Dataset excerpts:
---

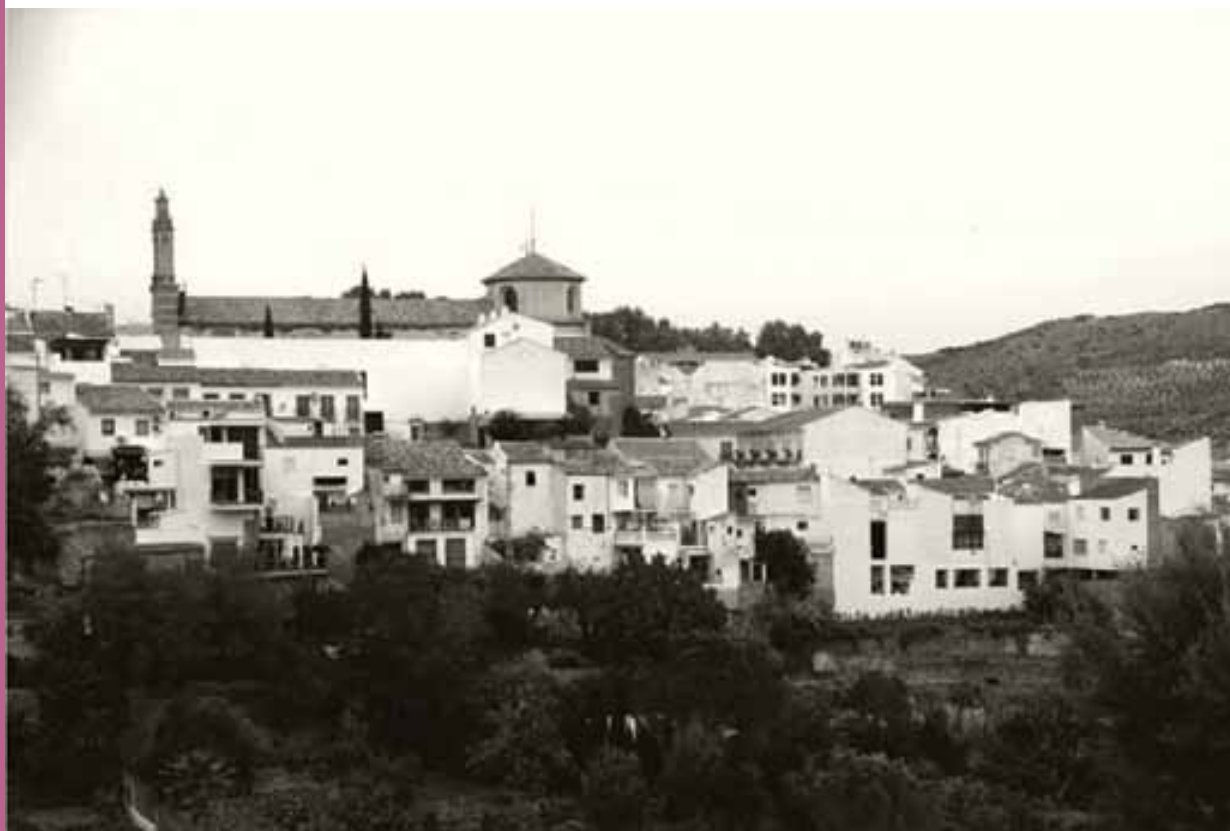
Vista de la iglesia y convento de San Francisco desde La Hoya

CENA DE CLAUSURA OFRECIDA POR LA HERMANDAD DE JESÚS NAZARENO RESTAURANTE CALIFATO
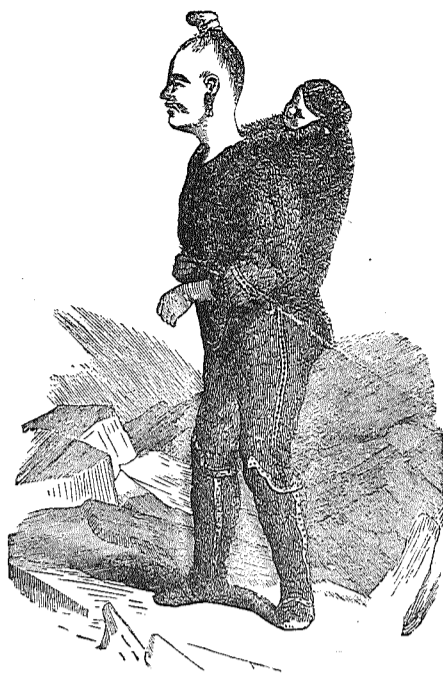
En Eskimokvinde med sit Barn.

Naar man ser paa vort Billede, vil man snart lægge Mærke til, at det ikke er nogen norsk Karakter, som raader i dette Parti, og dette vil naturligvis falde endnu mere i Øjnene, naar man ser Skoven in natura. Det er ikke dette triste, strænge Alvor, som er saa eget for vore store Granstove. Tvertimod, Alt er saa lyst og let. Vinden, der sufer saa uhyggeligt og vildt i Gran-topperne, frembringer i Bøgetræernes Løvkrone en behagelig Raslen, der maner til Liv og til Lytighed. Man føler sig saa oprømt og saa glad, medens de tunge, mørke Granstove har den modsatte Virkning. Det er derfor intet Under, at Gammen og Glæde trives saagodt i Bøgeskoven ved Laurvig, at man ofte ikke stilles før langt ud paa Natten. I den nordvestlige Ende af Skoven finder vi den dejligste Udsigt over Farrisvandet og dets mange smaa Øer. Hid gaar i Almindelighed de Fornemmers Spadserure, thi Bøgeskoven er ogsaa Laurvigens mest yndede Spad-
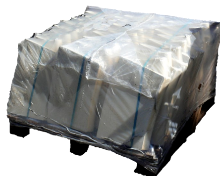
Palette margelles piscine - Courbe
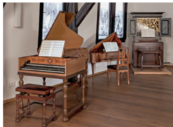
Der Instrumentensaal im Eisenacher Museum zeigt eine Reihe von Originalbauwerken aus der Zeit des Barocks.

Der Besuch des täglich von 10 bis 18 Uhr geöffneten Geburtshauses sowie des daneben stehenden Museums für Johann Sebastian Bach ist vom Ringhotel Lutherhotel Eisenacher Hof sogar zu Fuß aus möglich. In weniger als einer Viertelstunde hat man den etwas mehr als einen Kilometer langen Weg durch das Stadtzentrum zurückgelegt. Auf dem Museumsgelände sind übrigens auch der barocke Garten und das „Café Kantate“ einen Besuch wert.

---

ACTIVITY: Return only the part above that opens with the line containing "Palette margelles piscine - Courbe" and closes with the line containing "Der Instrumentensaal im", exactly and with both ends, skipping the pictures.

ANSWER FOR THE TASK:
Palette margelles piscine - Courbe
Der Instrumentensaal im Eisenacher Museum zeigt eine Reihe von Originalbauwerken aus der Zeit des Barocks.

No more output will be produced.